These should last a good long time...
http://www.airlesstiresnow.com/Airle...res_c_123.html
And then there is wood, like wagon and buggy wheels before we had rubber.
"There are too many books in the world to read in a single lifetime; you have to draw the line somewhere." --Diane Setterfield, The Thirteenth Tale
Thanks all!
I have read "World made by Hand" and also the "Dies the Fire" series (by S.M. Stirling.)
As I recall, in Kunstler's (excuse me, but VERY sexist) novels, people mainly used horses and boats for transport, though I'll probably steal some ideas from him.
In "Dies the Fire," Stirling got around the problem by having a whole lot of very handy people being the survivors ("Oh, I just happen to be a bowyer and a blacksmith! And you're an herbalist/doctor/veterinarian? - how convenient!) They did use bikes but I don't think he addressed the tire issue.
I have read about wooden tires being used, but as the roads fall apart I think this would become more and more difficult. (Though the people in the story do work to maintain major routes.) Boneshakers sound about right! I have considered some sort of sap/leather/wood combination but don't know if it would be feasible. I might have to take out the bikes...though my main character (as of now) works repairing and rebuilding bicycles. I could give her a different trade.
My story is not aimed at a particular audience, but I think the finished book will fall into the YA category. Believing as I do in the innate goodness of the great majority of people, it describes more of a utopian than a dystopian future. Most of the events in the novel take place about 50 years after the End Times, in what is something like a transition town/permaculture society. There are still books and some clothes, but anything that would be likely to spoil, break down, or rot has done so (medicines, canned goods, solar panels...bicycle tires....)
There is no single cataclysmic event that brings about the apocalypse; there is increased flooding and decreased snowpack (drought), violent storms and fires that overwhelm the ability of the government to maintain the infrastructure, an economic collapse brought about by various factors, rampant viruses and famine, and a complete breakdown of the electrical grid, all of which happen over the course of about 20 years.
Most of the people I know do not have horses, antique weapons collections, water or wind mills, wells with hand pumps, nor the kinds of skills needed to make, maintain, or do things by hand.

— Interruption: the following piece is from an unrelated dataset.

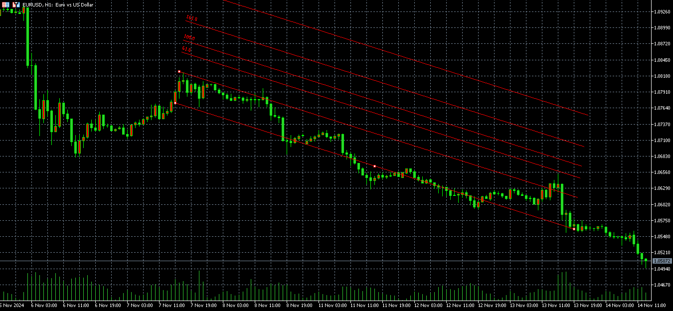 Все остальные уровни призваны показать потенциальные зоны разворота — можно заметить, что у этих границ цена действительно замирает на некоторое время. Но такой вид индикатора не дает возможности предположить, как долго будет длиться тренд. Если вы хотите торговать по тренду, а не на коррекциях, линию следует чертить от конца тренда к началу. Тогда вы получите следующее изображение.

From what I see, most people (including me) would cling to the past as long as possible rather than accept that industrial civilization is over - thus leaving the next generation in the lurch.
The survival literature I've read for research mainly focuses on the short term (food storage and the like) or wilderness-type survival.
I'd like to avoid the inconsistencies I read in so many futuristic novels.
"All we have to decide is what to do with the time that is given us.” -- Gandalf
That's interesting. In such a world, as in the pre-modern world, old things might assume new importance. Access to salt, for instance, was important to preserve food, and for processes such as tanning leather. Governments in the past assumed monopoly powers over saltworks as an important source of revenue. In many circumstances, especially long-range travel, alcoholic beverages were a good deal safer to drink than stored water. India Pale Ale came about for long sea voyages. You needed pine tar to keep stuff from rapidly rotting in wet climates.